My use case is very typical and extremely simple. I store user session documents and each document has user
attribute which contains user identifier as a string.
Document example:
{
...
"user": "123456789",
...
}
I created the following index:
CREATE INDEX `user-idx` ON `default`(`user`) USING GSI;
Now I want to find 10 users with biggest number of open (existing) sessions. The query is simple:
select `user`, count(*) from `default` group by `user` order by count(*) desc limit 10;
That query takes ~8sec on ~50k documents in the database. Extremely long!

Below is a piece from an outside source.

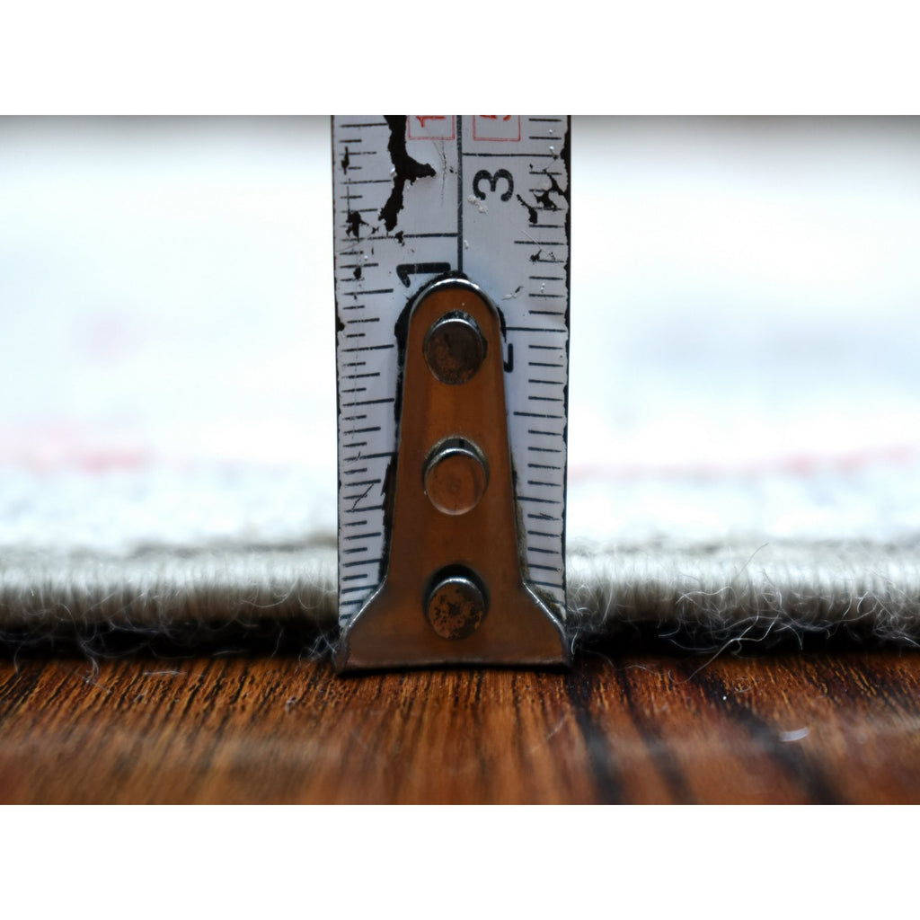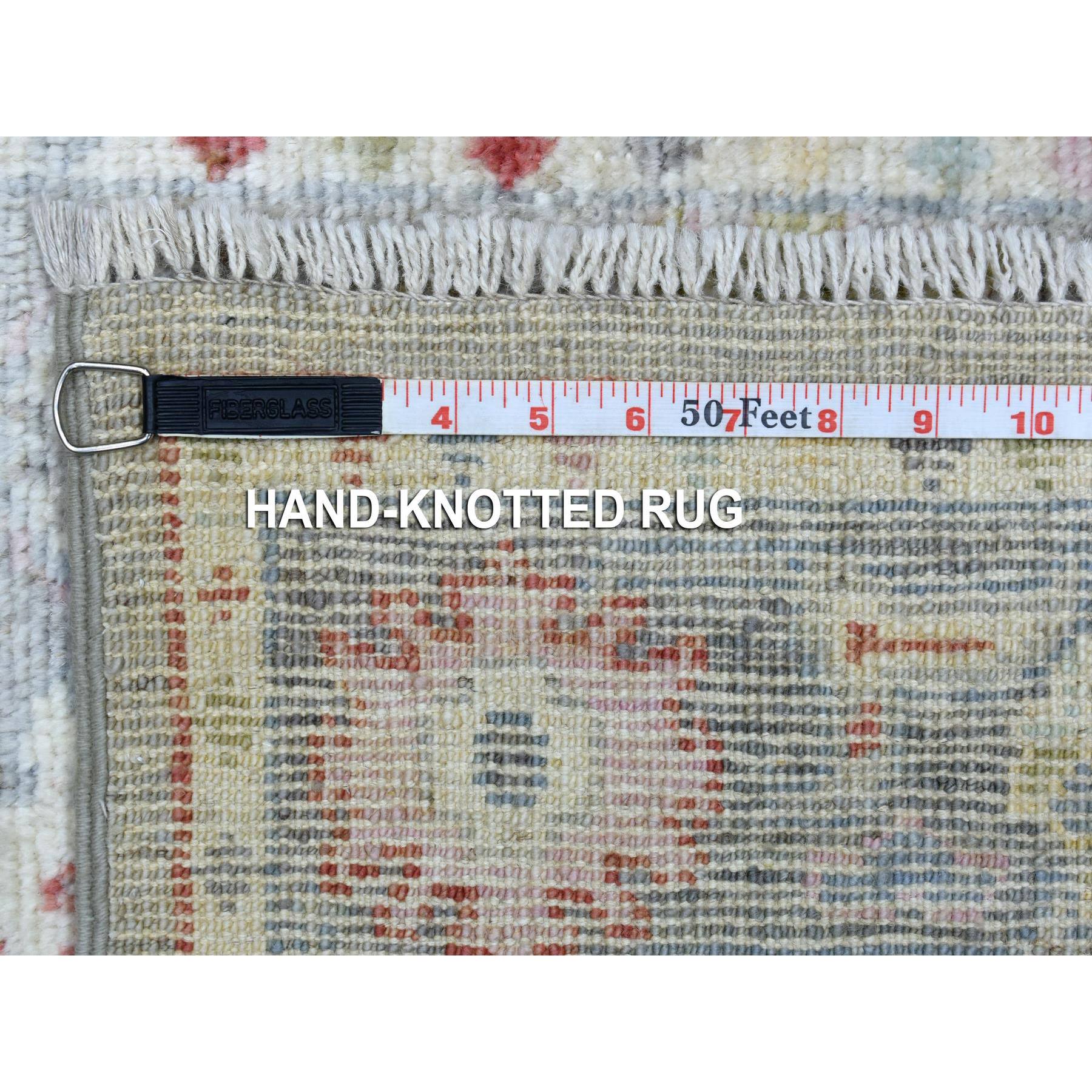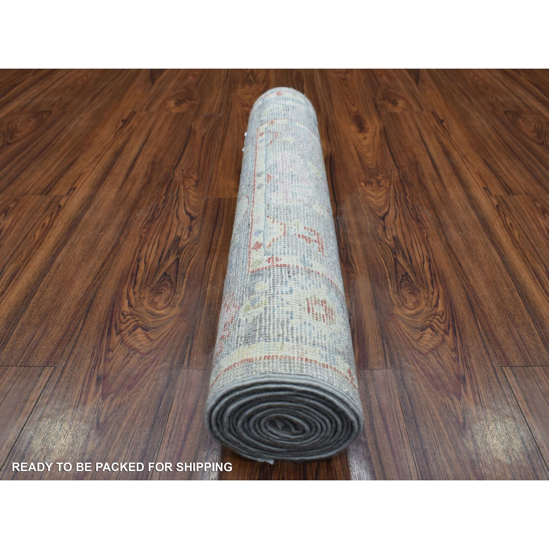 2'7"x12'2" Gray Angora Ushak With Bold Floral Pattern Pure Wool Hand Knotted Oriental Runner Rug FWR419292

I searched the forum and found a suggestion to add where field is not null
clause to the query.
And here is the new query:
select `user`, count(*) from `default` where `user` is not null group by `user` order by count(*) desc limit 10;
This query takes ~2.5 sec, yes 3 times faster but still very slow comparing to RDBMS.
Here is the EXPLAIN
output:
cbq> explain select `user`, count(*) from `default` where `user` is not null group by `user` order by count(*) desc limit 10;
{
"requestID": "ca80774d-cd2c-4cbe-a318-924627b68991",
"signature": "json",
"results": [
{
"plan": {
"#operator": "Sequence",
"~children": [
{
"#operator": "Sequence",
"~children": [
{
"#operator": "IndexScan",
"covers": [
"cover ((`default`.`user`))",
"cover ((meta(`default`).`id`))"
],
"index": "user-idx",
"index_id": "f631c4c57f717e25",
"keyspace": "default",
"namespace": "default",
"spans": [
{
"Range": {
"Inclusion": 0,
"Low": [
"null"
]
}
}
],
"using": "gsi"
},
{
"#operator": "Parallel",
"~child": {
"#operator": "Sequence",
"~children": [
{
"#operator": "Filter",
"condition": "(cover ((`default`.`user`)) is not null)"
},
{
"#operator": "InitialGroup",
"aggregates": [
"count(*)"
],
"group_keys": [
"cover ((`default`.`user`))"
]
}
]
}
},
{
"#operator": "IntermediateGroup",
"aggregates": [
"count(*)"
],
"group_keys": [
"cover ((`default`.`user`))"
]
},
{
"#operator": "FinalGroup",
"aggregates": [
"count(*)"
],
"group_keys": [
"cover ((`default`.`user`))"
]
},
{
"#operator": "Parallel",
"~child": {
"#operator": "Sequence",
"~children": [
{
"#operator": "InitialProject",
"result_terms": [
{
"expr": "cover ((`default`.`user`))"
},
{
"expr": "count(*)"
}
]
}
]
}
}
]
},
{
"#operator": "Order",
"limit": "10",
"sort_terms": [
{
"desc": true,
"expr": "count(*)"
}
]
},
{
"#operator": "Limit",
"expr": "10"
},
{
"#operator": "FinalProject"
}
]
},
"text": "select `user`, count(*) from `default` where `user` is not null group by `user` order by count(*) desc limit 10"
}
],
"status": "success",
"metrics": {
"elapsedTime": "4.195335ms",
"executionTime": "4.101078ms",
"resultCount": 1,
"resultSize": 4955
}
}
As you can see the query uses IndexScan
, not IndexCountScan
and I don’t know why.
Unless I’m doing something wrong (what could it be??) I don’t really see that the problem is fixed in 4.5 Beta.